Recently, the report from high throughput sequencing in giant panda indicated that Ca2+-gated signaling, cAMP, cGMP, and neuroactive ligand receptor interaction pathways are enriched in post-thaw giant panda sperm [22]. It is demonstrated that giant panda sperm appears to have strong freeze tolerance capacity and is capable of surviving repeated freeze-thaw cycles [23]. These reports suggested that the cryo-resistance of sperm might be related to cAMP, cGMP, and Ca2+ abundance during cryopreservation and unique interaction between ligands and their receptors. More evidence showed that olfactory transduction pathway-related CNGB1 and CNGA3 channel proteins are enriched in post-thaw giant panda sperm. CNGA3 is a predicted target of three novel differentially expressed miRNAs (conservative_NW_003218630.1_359427, conservative_NW_003218630.1_359428, and unconservative_NW_003218488.1_343143). Therefore, the involvement of cAMP and Ca2+ may be responsible for regulating post-thaw quality of sperm [22]. Additionally, our ongoing studies have proved that cryopreservation causes m6A modifications in post-thaw sperm which are related to sperm cryo-injuries, freezability, and metabolic activities (unpublished work) along with altered expression of sperm olfactory genes.

7. Perspective

Odorant and taste receptors are extensively expressed in ectopic organs and their role in wound healing, cancer cells division inhibition, and obesity have been identified (19, 10, 26, 29). Targeting of TAS2R family and OLFR544 from ORs and TRs, respectively, shows promising future in controlling obesity and asthma [188,189,222]. However, mysteries regarding testicular and sperm odorant and taste receptors interaction and functionality still need to be revealed. Researchers are trying to determine the role of ORs and TRs in sperm-egg communication and in pre-fusion processes like capacitation induction, acrosomal reaction, and movement from uterine and oviductal storage. The role of these receptors in sperm chemotaxis and the role of egg, fallopian tube, uterus, and cervix in producing odorant [223] and tastant molecules need to be deciphered to maximize the success of artificial breeding.
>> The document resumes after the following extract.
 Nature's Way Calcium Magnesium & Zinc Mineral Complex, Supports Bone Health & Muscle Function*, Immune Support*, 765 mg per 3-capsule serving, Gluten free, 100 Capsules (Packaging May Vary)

Similarly, it is hypothesized that the components of cryoprotectants may act as ligands for the sperm ORs and elicit early capacitation which result in decreased motility, viability, and acrosomal integrity. Currently, no data are available on the topic of cryopreservation effects on modulation of gustation in sperm physiological parameters. But, the low survivability of pig’s sperm in comparison to other mammalian species indicate involvement of some hidden entities including ORs [22,224] and TRs.
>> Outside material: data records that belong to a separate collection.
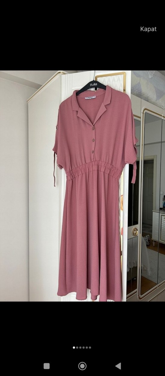 Pudra renginde, düğmeli ve V yaka detaylı uzun, bol kesim elbise. Kısa kollu ve yumuşak sentetik kumaş
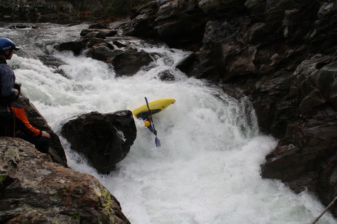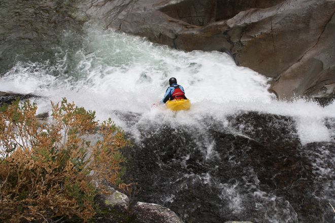 První kilometr je, jako na ostatních řekách tady v Galicii, volej. Náhle ale řeka mizí někam do údolí a není vidět kam. Jsme u prvních těžkých míst. Hned na úvod je tu snad každému vodákovi známá série slidů. Nikdo jsme však netušili, že je zakončená dvoumetrovým dvojskokem, který umí potrápit když nestihnete boof. Následuje super slajd a poté již další vyhlášené místo – vodopád Backbreaker.
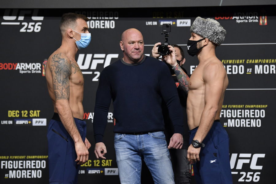 LAS VEGAS, NEVADA – DECEMBER 11: (L-R) Renato Moicano of Brazil and Rafael Fiziev of Kyrgyzstan face off during the UFC 256 weigh-in at UFC APEX on December 11, 2020 in Las Vegas, Nevada. (Photo by Jeff Bottari/Zuffa LLC via Getty Images)
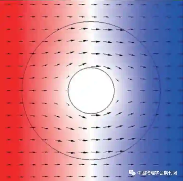 图1 热隐身斗篷温度分布的有限元模拟结果。此图呈现两个特点:(1)内圈里面温度均匀分布;(2)外圈之外的温度分布不受内外圈之间材料的影响。这两个特点直接导致,当内圈里存放一个不同物体,外圈外面的观察者将无法通过探测外圈外面的温度分布而推知内圈里物体的存在(图中左右边界分别与高温热源和低温热源相连,颜色代表温度分布;图中箭头表示热流的大小和方向)
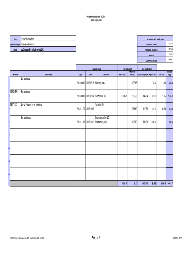 Divulgation proactive DE la CRAC Fries de dplacementNomDr. Don BuckinghamAppellation d\'emploisPrsident et premierPeriodeRclamation total DE fries DE voyaged 2 September 1 December 2013Cot total de
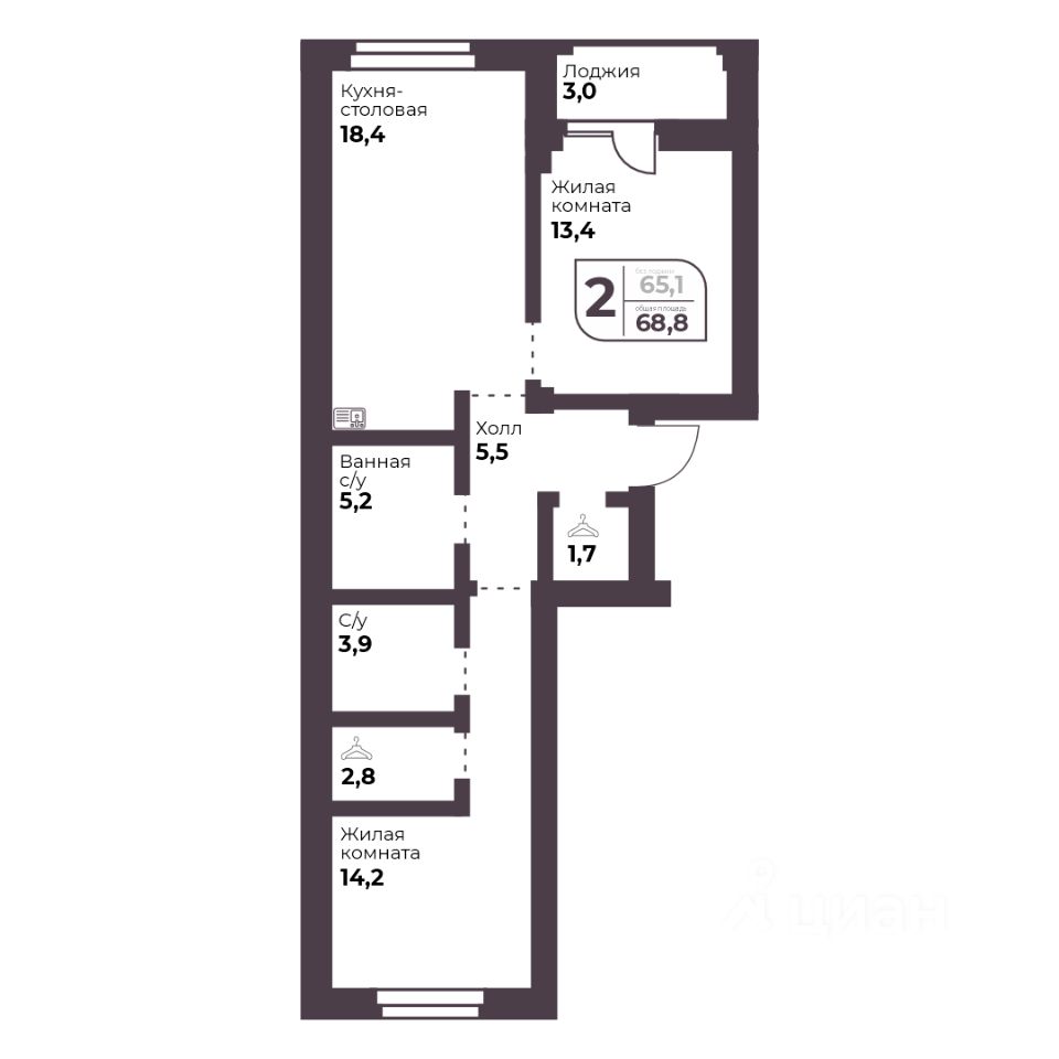 Общая площадь65,1 м2

Researchers opine that individual sperm may express distinct set of ORs and TRs and respond differently as speculated for odorant sensory neuron’s “one neuron-one receptor” model [225,226]. If this is true for sperm than the complexity of behavioral cues will require further exploration. Moreover, the opening of ion channels which are involved in olfactory and gustatory transductions i.e., CatSper1, CatSper2, and CNGA3 (Ca2+ channels) require different concentration of cAMP and cGMP [68,70,71,227] which has not been determined yet for all the mammalian sperm.
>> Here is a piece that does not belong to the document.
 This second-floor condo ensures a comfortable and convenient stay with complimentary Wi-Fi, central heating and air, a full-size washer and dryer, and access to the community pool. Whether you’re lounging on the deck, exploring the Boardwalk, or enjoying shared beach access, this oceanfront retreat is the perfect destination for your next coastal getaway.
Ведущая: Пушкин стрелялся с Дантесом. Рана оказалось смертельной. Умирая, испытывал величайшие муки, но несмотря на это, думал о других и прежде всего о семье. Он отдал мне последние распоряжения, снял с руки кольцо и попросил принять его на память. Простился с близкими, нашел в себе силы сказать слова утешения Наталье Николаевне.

In conclusion, ORs and TRs are associated with spermatogenesis, maturation, sperm-egg recognition, sperm chemotaxis, capacitation, motility, and fertility. In addition, ORs and olfactory transduction pathway were thought to be responsible for sperm freeze tolerance and post-thaw sperm quality. However, what and how many odorant-like molecules in the extenders and reproductive tracts interact with ORs to facilitate sperm chemotaxis, capacitation, hyperactivation, and fertility, are still unknown and worth further studying.